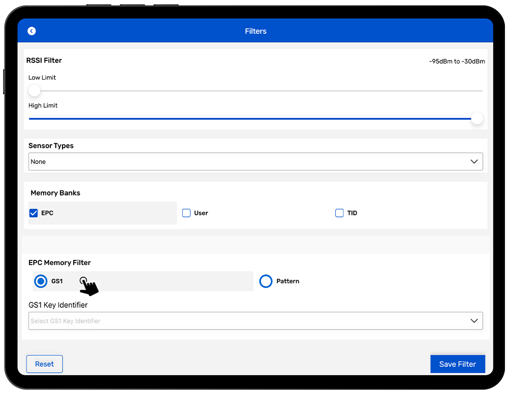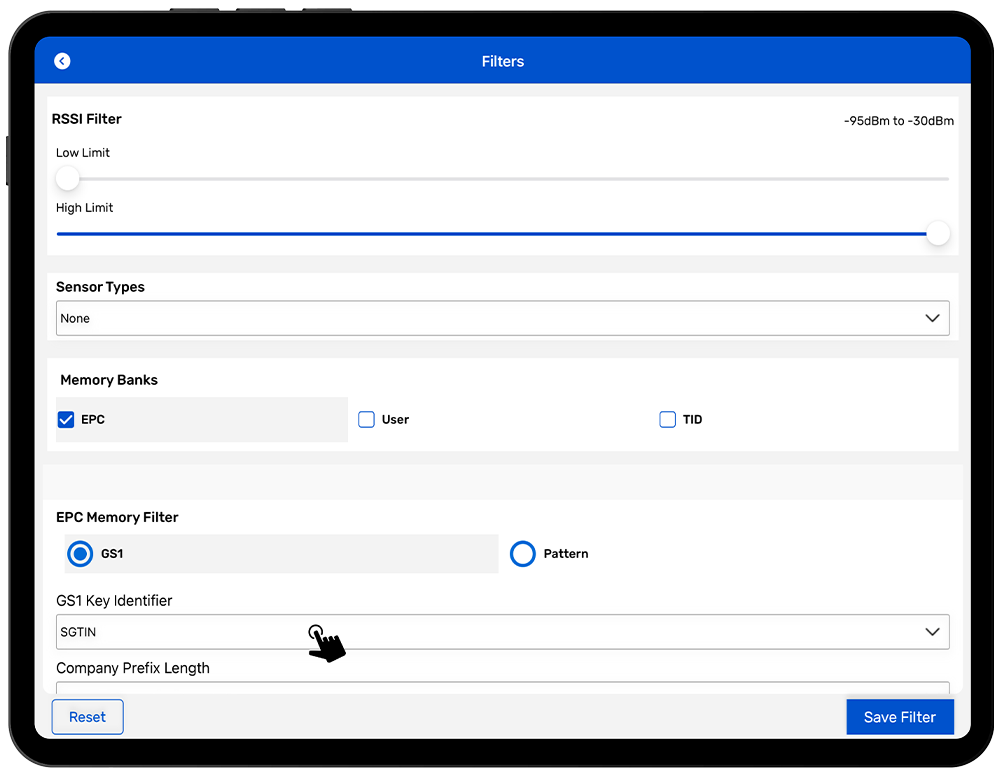 To enable an EPC Filter using a GS1 Key, select the GS1 option under EPC Memory Filters and then choose the GS1 Key Identifier from the dropdown list. Depending on the GS1 Key Identifier that you select, additional filters may be exposed. For example, if you choose the SGTIN GS1 Filter, the following options will be enable based on selection:
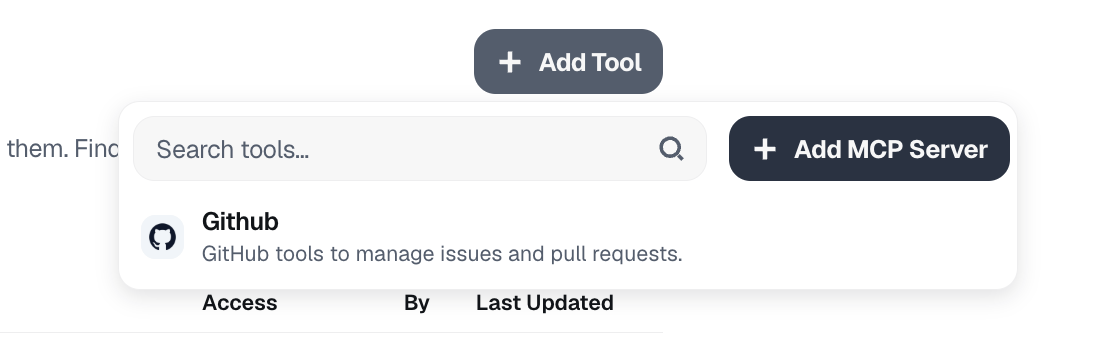 As an administrator, you can add a Remote MCP Server to your workspace. To do so, go to the Tools section of the Knowledge Tab. Here, you'll find an Add Tool button.
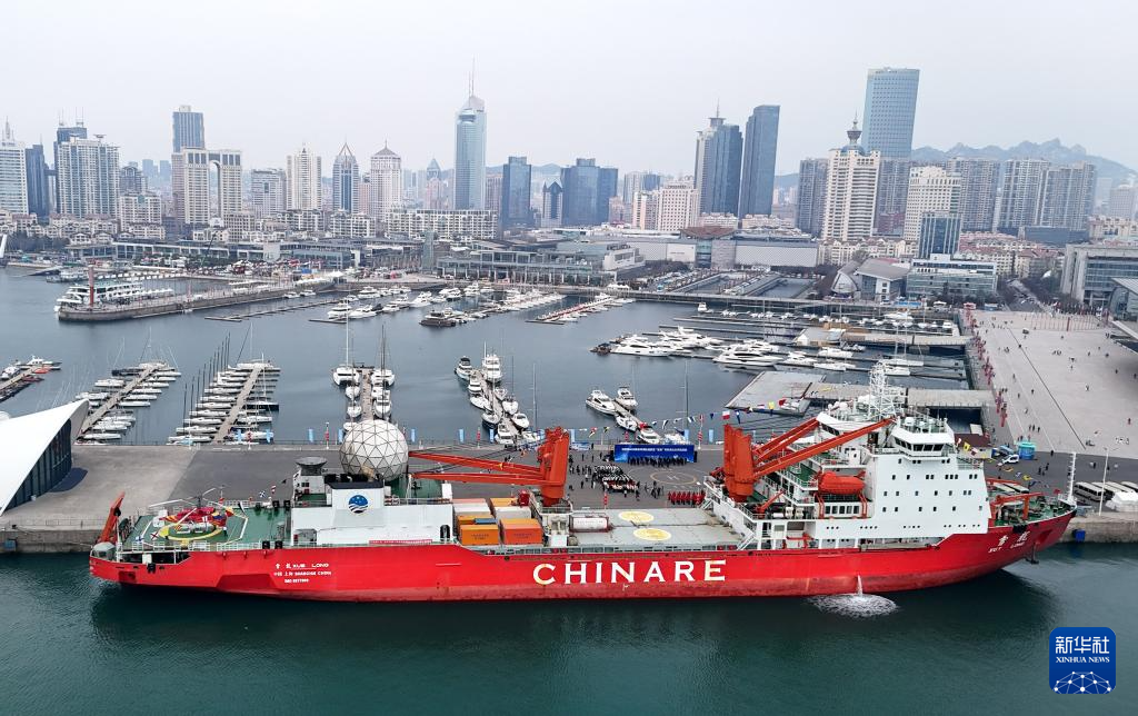 “雪龙”号极地考察船停靠青岛奥帆基地码头(4月10日摄,无人机照片)。
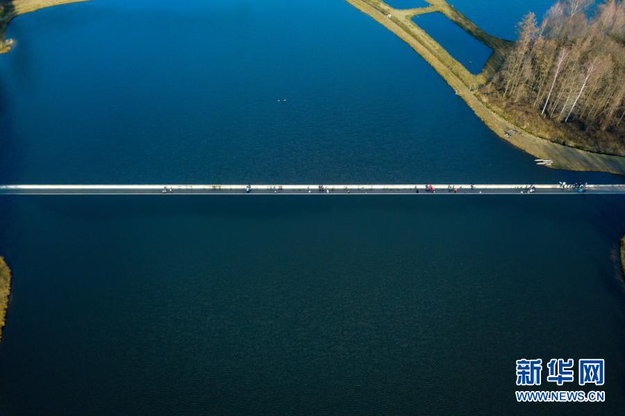 2月27日,人们在比利时小镇波克莱克附近的“水中通道”中前行(无人机照片)。
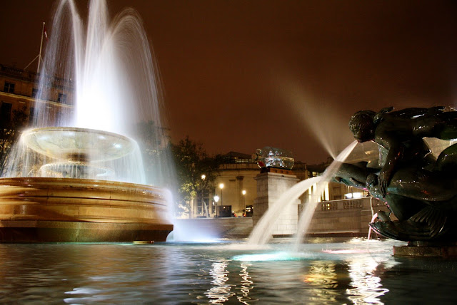 Sitting at the base of Nelson's Column the impressive columns of the National Gallery are framed by the two fountains and the square is completed by the Gallery itself. in the dark the lights give the square and unreal quality. add it that the sound of the fountains mixed with the music of a street musician playing his saxophone and i was gone. i kept having to tell myself "yes, this is real, you are here, this is your real life right now"
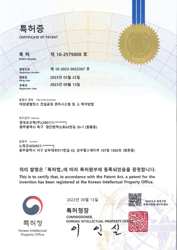 태양광발전소 건설공정 관리시스템 및 제어방법 특허 > 산업재산권현황
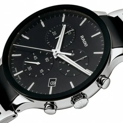 The Rado R30130152 Men’s Watch is a perfect blend of luxury, precision, and modern design. Featuring a 40 mm stainless steel case with a striking black and silver finish, this timepiece is complemented by a high-tech ceramic and stainless steel bracelet for both durability and elegance. Its Swiss quartz movement powers multiple functions, including chronograph, date indicator, luminous hands & markers, and sapphire crystal protection. With a slim 10.5 mm case thickness, solid caseback, and 50 m water resistance, it is as practical as it is stylish. Delivered in its complete original packaging with a certificate of authenticity, manual/booklet, and a 5-year manufacturer’s warranty, the R30130152 is a refined choice for men who value timeless sophistication.
○ ○ ○ ○ ○
> **Exercise**: Leave out all pictures and extract exactly the lines from the line with "Sitting at the" through the end of the material.

> **Solution for this exercise**:
 Sitting at the base of Nelson's Column the impressive columns of the National Gallery are framed by the two fountains and the square is completed by the Gallery itself. in the dark the lights give the square and unreal quality. add it that the sound of the fountains mixed with the music of a street musician playing his saxophone and i was gone. i kept having to tell myself "yes, this is real, you are here, this is your real life right now"
 태양광발전소 건설공정 관리시스템 및 제어방법 특허 > 산업재산권현황
 The Rado R30130152 Men’s Watch is a perfect blend of luxury, precision, and modern design. Featuring a 40 mm stainless steel case with a striking black and silver finish, this timepiece is complemented by a high-tech ceramic and stainless steel bracelet for both durability and elegance. Its Swiss quartz movement powers multiple functions, including chronograph, date indicator, luminous hands & markers, and sapphire crystal protection. With a slim 10.5 mm case thickness, solid caseback, and 50 m water resistance, it is as practical as it is stylish. Delivered in its complete original packaging with a certificate of authenticity, manual/booklet, and a 5-year manufacturer’s warranty, the R30130152 is a refined choice for men who value timeless sophistication.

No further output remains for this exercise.